You can still import keys by physically exchanging trusted keys with others (so called Key Signing Party[2]) but that obviously cannot scale... or using any innovative method you come up with, but no one has found a bullet proof way to do this that's usable.

But saying PGP only solves half the problem is wrong. It solves one problem: that of how to verify a publisher's artifacts were not modified, which is valuable.

The next problem to solve is how to obtain and vet public keys from publishers. The solution could work somewhat like TLS certificates (with certificate authorities playing the role of trusted key servers) or using blockchain (perhaps a rare problem for which blockchain could actually be helpful) but both of these bring their own issues with them. If you know of a better solution, though, do bring it up instead of throwing the bathwater out with the "baby"!

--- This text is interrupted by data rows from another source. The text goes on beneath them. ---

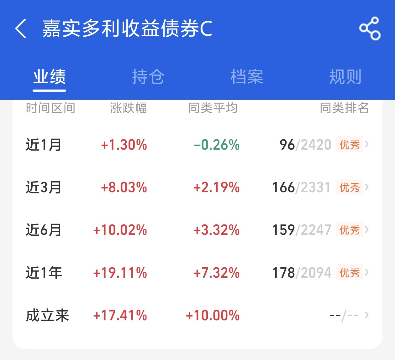 $嘉实多利收益债券C$ 近期表现的也是非常的优秀,近一个月收益130个蛋,近三个月收益803个蛋,近一年的收益率高达19.11%,收益率高!各阶段业绩在同类基金排名领先,长期持有,投资性价比高。基金采取股、债平衡策略,灵活搭配,收益率高。基金回撤小、修复能力快,长期持有,投资回报率高,期待后期收益。
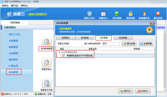 軟件多級(jí)審核最多支持5級(jí)審核,支持設(shè)置各類單據(jù)。本文以“銷售出庫單”為例示范。首先需啟用參數(shù),在功能導(dǎo)航窗點(diǎn)“系統(tǒng)管理”→“系統(tǒng)參數(shù)配置”→“業(yè)務(wù)參數(shù)”,勾選“單據(jù)審核啟用多環(huán)節(jié)權(quán)限控制”,點(diǎn)擊“保存”按鈕,如下圖所示:
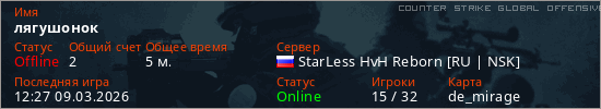 Играет на Counter Strike Global Offensive сервере. Страна: РоссияПервый раз замечен 12:19 09.03.2026
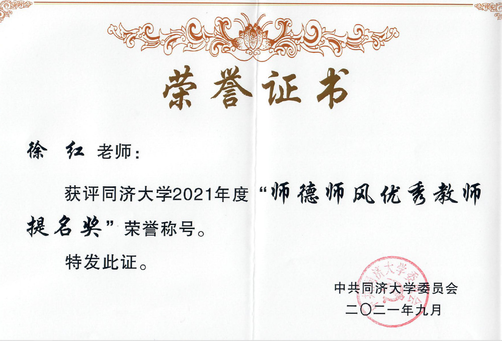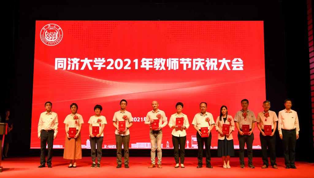 赓续百年初心,担当育人使命。9月10日,同济大学2021年教师节庆祝大会在四平路校区一·二九礼堂举行,校长陈杰等全体在校校领导出席,2021年获得上海市和同济大学重要荣誉称号的教师代表以及30年教龄教师、退休教师、新进教师、一线教师、各职能部门和院系主要负责人、学生代表近300人参加大会。陈杰发表讲话,大会由校党委常务副书记冯身洪主持。今年,学校有18位教职工获“上海市育才奖”,戈宝学等10位教师获评同济大学“师德师风优秀教师”,我院徐红等10位教师获同济大学“师德师风优秀教师提名奖”。

[1] https://en.wikipedia.org/wiki/Public_key_infrastructure

[2] https://en.wikipedia.org/wiki/Key_signing_party


I think it’d behoove you to read the original thread from yesterday: all, and more, of this was covered!

PKI is indeed hard, but it’s not even remotely intractable. The Web PKI is a functioning PKI; yesterday’s thread explains how the codesigning scheme we’re building for PyPI is going to look very similar to the Web PKI.

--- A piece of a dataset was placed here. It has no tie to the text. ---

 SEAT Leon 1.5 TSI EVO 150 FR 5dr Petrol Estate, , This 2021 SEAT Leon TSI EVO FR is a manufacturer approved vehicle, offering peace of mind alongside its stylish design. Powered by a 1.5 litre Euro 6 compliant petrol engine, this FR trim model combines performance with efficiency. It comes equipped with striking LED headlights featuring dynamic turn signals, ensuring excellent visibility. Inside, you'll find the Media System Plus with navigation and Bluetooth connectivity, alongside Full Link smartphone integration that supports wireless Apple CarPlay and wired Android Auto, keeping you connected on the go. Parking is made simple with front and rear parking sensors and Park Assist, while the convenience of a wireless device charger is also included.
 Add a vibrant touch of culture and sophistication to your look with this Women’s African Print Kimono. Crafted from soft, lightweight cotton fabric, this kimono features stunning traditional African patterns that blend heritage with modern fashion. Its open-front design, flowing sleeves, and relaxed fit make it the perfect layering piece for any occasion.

At the ecosystem level, PGP was not providing resource integrity to PyPI: too many of the keys involved were weak, and only a tiny proportion of packages were even signed. Even if that proportion was 100%, PGP would have been the wrong tool for that job: PyPI already has transport and resource integrity via the right tools: TLS and digests. Using an untrusted signature for resource integrity is using the wrong tool for the job.

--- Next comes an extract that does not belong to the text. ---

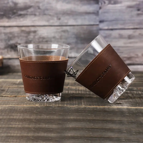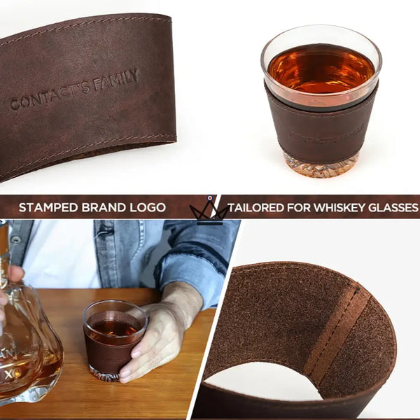 Anpassbare Whiskyglas-Manschette aus Leder - Voyageur Sleeve

The original thread contains multiple references to Sigstore, which is the scheme we’re planning on building on for PyPI.


Why sign at all? Isn’t the key requirement that the component was not tampered with after upload? All you need is a hash for that…

Tracing back the code to a legal entity seems unnecessary in the majority of cases.


Signing is basically hashing + proof of who created the hash. You need either both, or a way to find which hash is correct according to someone, usually the owner of the artifact, and signing gives you just that.


Signing is only proof of identity if you (1) know the underlying identity, and (2) actually trust that identity for intelligible reasons (i.e., you can produce a formal description of the trust relationship).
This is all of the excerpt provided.